I just want some flash (I dont really consider brake calipers that are colored to be bling but if that is considered bling then so be it) :bigpimp:

I dont track my m3 and I dont think I can (vert) but it seems the guys who track their cars talk down to those who don't. That doesn't make much sense as I cruise the boards.

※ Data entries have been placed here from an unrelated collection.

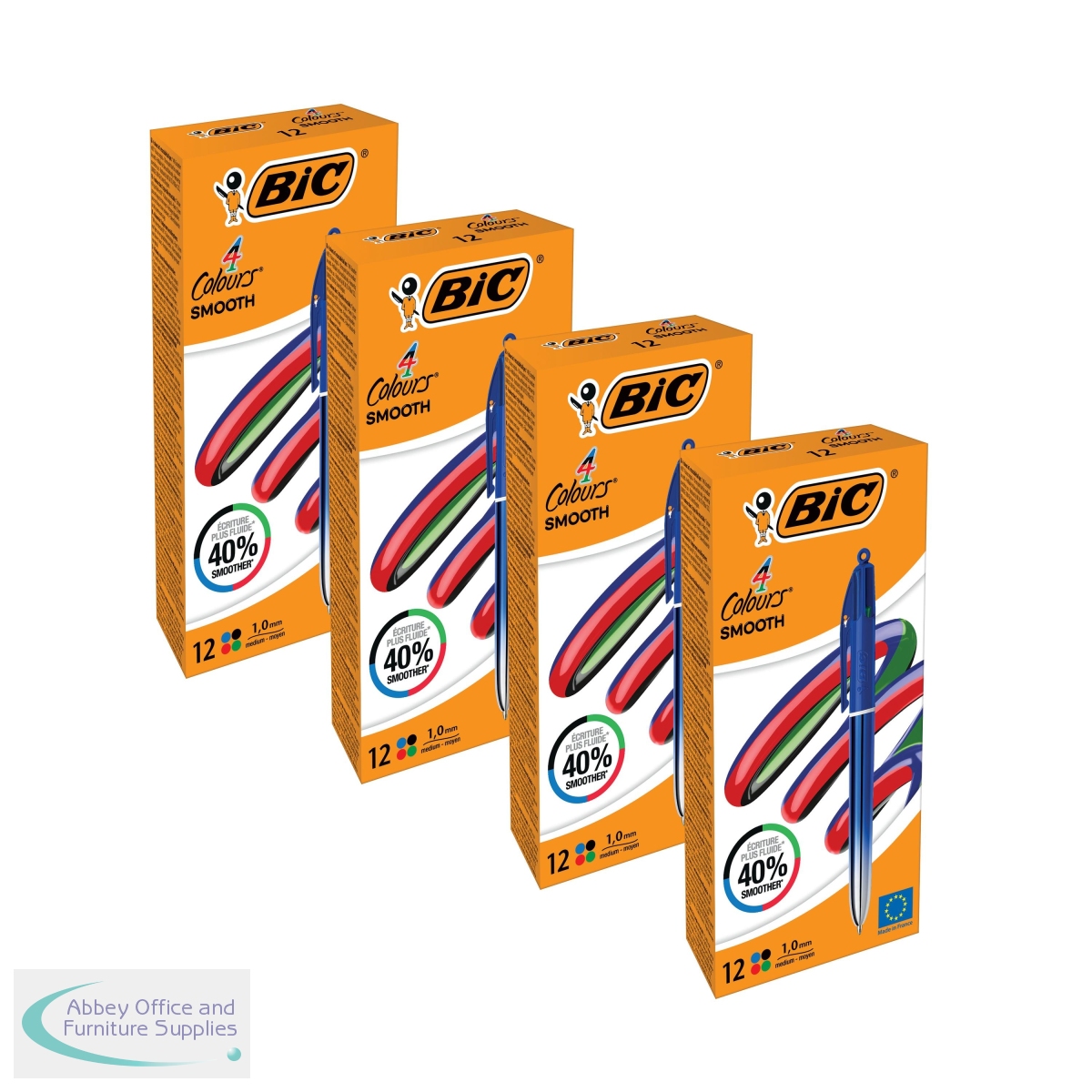 The legendary BIC 4 Colours ball pen is now smooth like a gel pen for the smoothest BIC 4 Colours experience with 40% smoother ink. This pack contains 12 versatile BIC 4 Colours Smooth pens that glide across the page with 4 medium 1.00mm points in blue, black, red, and green. Ideal for everyday writing tasks with the same iconic features as the original BIC 4 Colours pen (round barrel, side clip, and click buttons). Enjoy the trendy and shiny gradient barrel in blue. This promotion includes 4 packs of 12 pens for the price of 3 (48 pens in total).
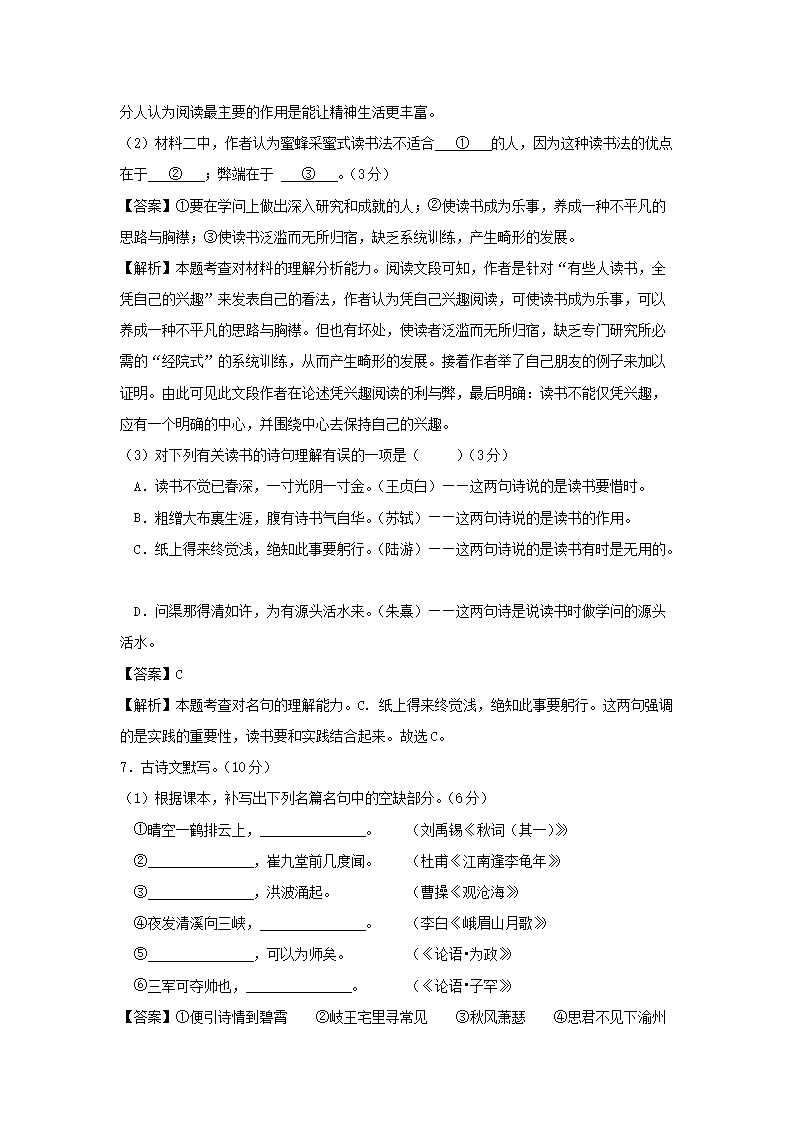 - 2021-2022學年重慶渝北區(qū)七年級下冊語文期中試卷及答案
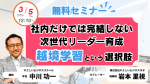 無料「ランチタイム」セミナー開催! 3/5 (木) 12:10〜12:55 第4回「社内だけでは完結しない、次世代リーダー育成 越境学習という選択肢」 「次世代のリーダーが育たな...
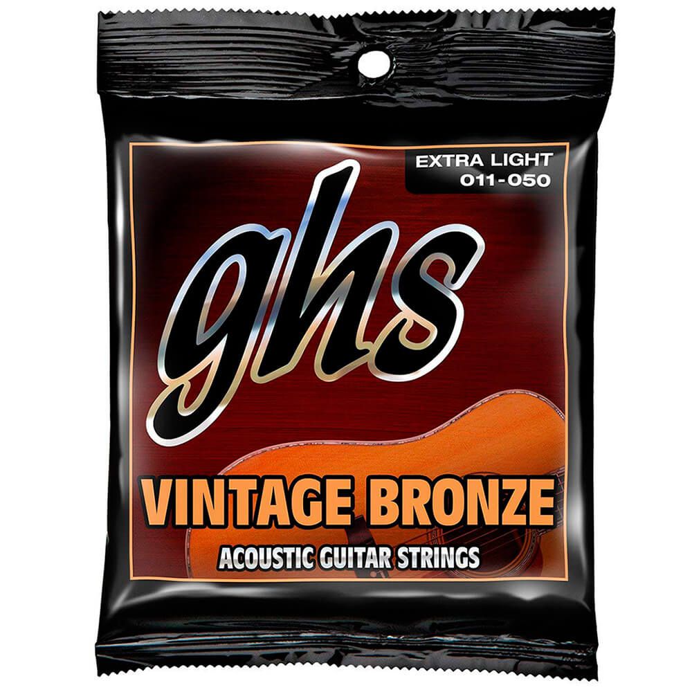 Essas cordas VN-UL Ultra Light Vintage Bronze da GHS são adequadas para equilibrar o som de guitarras acústicas que são consideradas muito brilhantes.
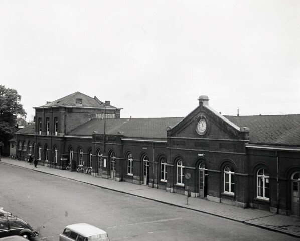 De foto toont de voorgevel van het station met een fronton waarin de stationsklok verwerkt is. Aan de overzijde van het gebouw staan auto's geparkeerd. Op het gelijkvloers zijn de ramen en deuren met rondboogvorm uitgevoerd.
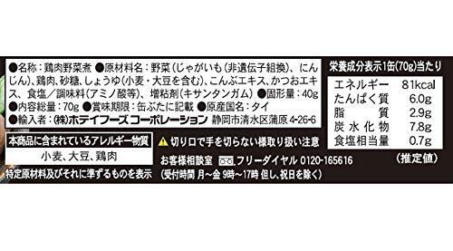 原材料:野菜(じゃがいも(非遺伝子組換)、にんじん)、鶏肉、砂糖、しょうゆ(小麦・大豆を含む)、こんぶエキス、かつおエキス、食塩/調味料(アミノ酸等)、増粘剤(キサンタンガム)
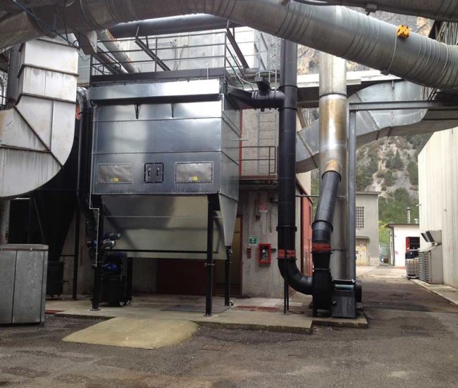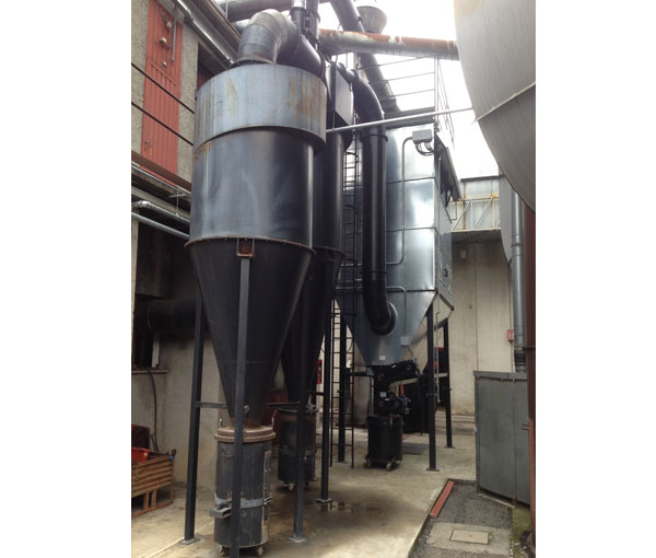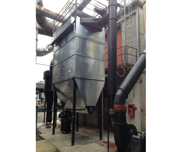The purification system offered here consists of a filter unit and a settling unit, built with a sheet adapted to high temperature and acid fumes. Dust is collected in a container.
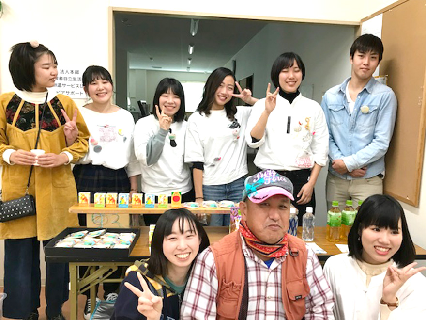 就労継続支援B型事業所として、障害のある方々が日々通う「それいゆ」の職員や利用者の方々とは、昨年のこのイベントへの参加をきっかけに交流が始まりました。今夏には、20名の保育学部3年の学生が、東京ディズニーランドへの付き添いボランティアとして同行させていただくなど、交流を重ねています。
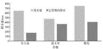 由图中可知, 冬小麦需要补充的水量最多, 降水量少和其生育期有关, 棉花的生育期最长, 其覆盖了整个汛期, 有效降水量最大, 但由于其作物需水量也很大, 其需要补充水量比玉米也要高很多, 反观玉米, 其需水量和降水量相当, 需要灌溉补充水量最少。
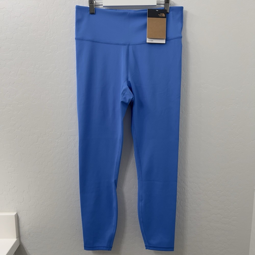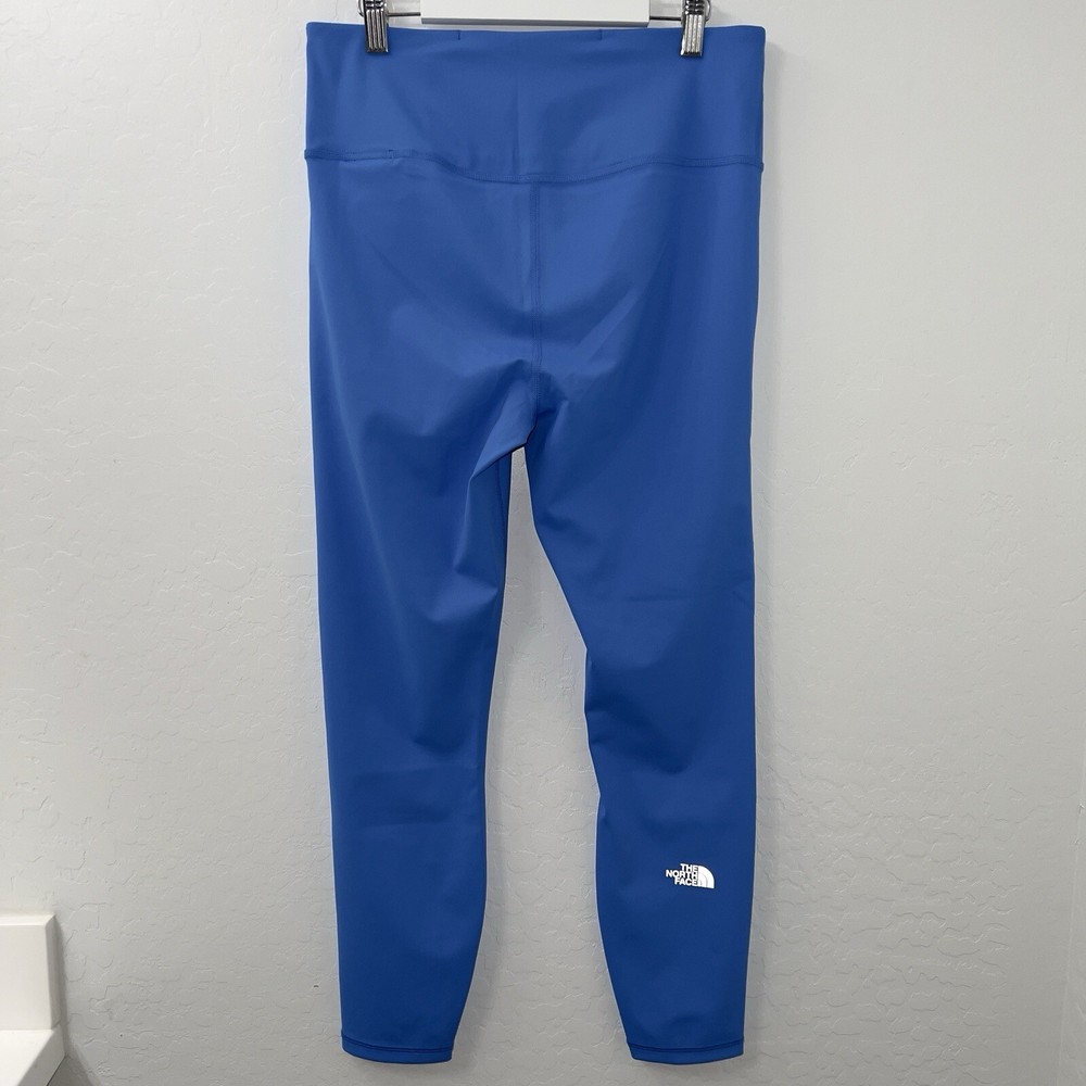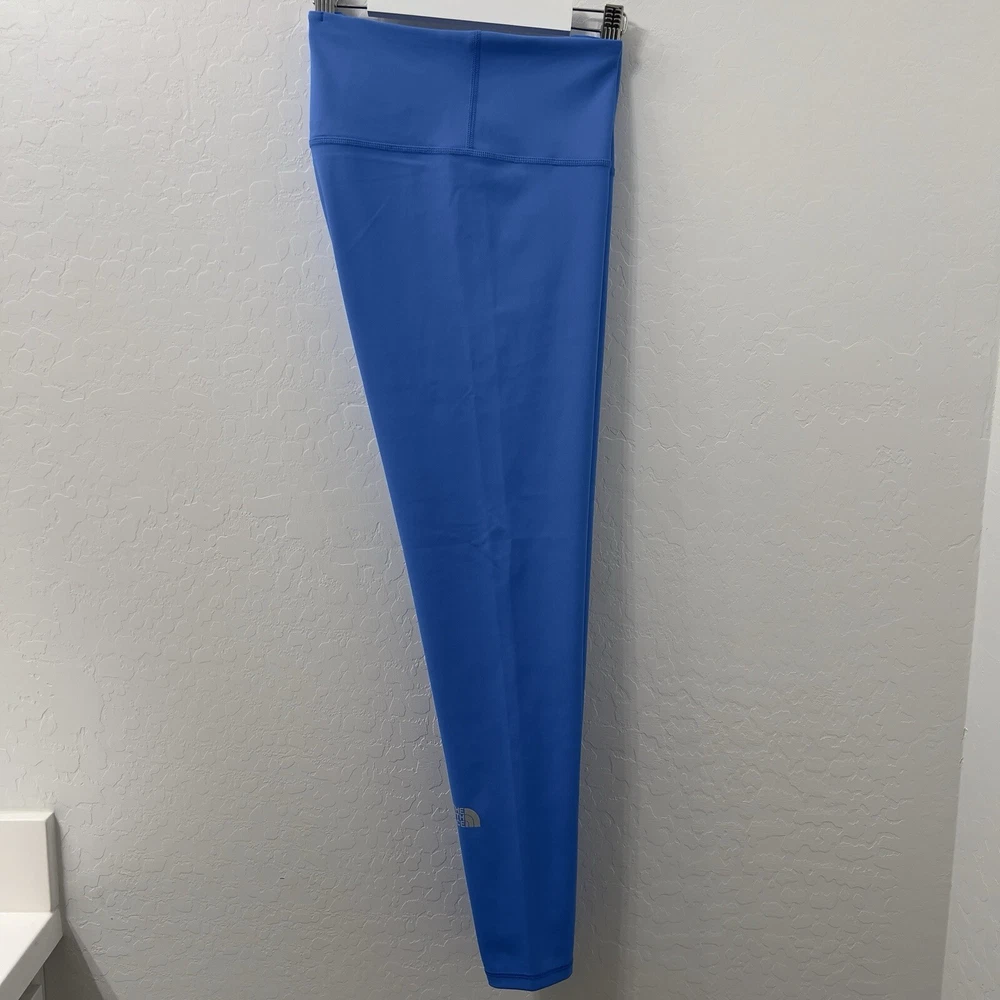 Elevate your workout wardrobe with these stylish and functional North Face Elevation 7/8 Leggings in Optic Blue. Designed for women in size large, these leggings boast a polyester blend fabric that is machine washable and quick to dry. The elastic waist and stretchy material provide a comfortable fit that is perfect for cross training or yoga. These solid-colored leggings have a 25-inch inseam and a skinny leg style that is perfect for activewear. The pull-on closure makes them easy to wear, and the blended fabric ensures that they are durable and long-lasting. Whether you're hitting the gym or running errands, these leggings are the perfect addition to your activewear collection.

Or the other guys who talk **** about those who track should not waist their time/on good at it.

Alot of salt throwers on these boards. :thumbdwn:


----------



## whiskey.org (Sep 9, 2005)

I don't listen to loud rap music so I don't see the need to put big speakers in my car

if you don't track your car you don't need a BBK

get some of the caliper covers from bavauto or something


----------



## ProRail (May 31, 2006)

DJ_INHALE said:


> thank you. :bling:
> 
> I just want some flash (I dont really consider brake calipers that are colored to be bling but if that is considered bling then so be it) :bigpimp:
> 
> ...


Salt throwers...on these boards?? I'm shocked; shocked.


----------



## Desertnate (Mar 11, 2002)

I'm not a fan of the flashy brakes, but I wish they would at least paint them a neutral color like a flat black or silver.

Case in point...

When I bought my 323i new , the brakes were the natural silver aluminum color. However, after 7 years and 115K miles, the porus material and absorbed a lot of break dust and had discolored from the heat. At that point they looked pretty nasty and I had no real way of cleaning them. Caliper paint is only a temporary solution...


----------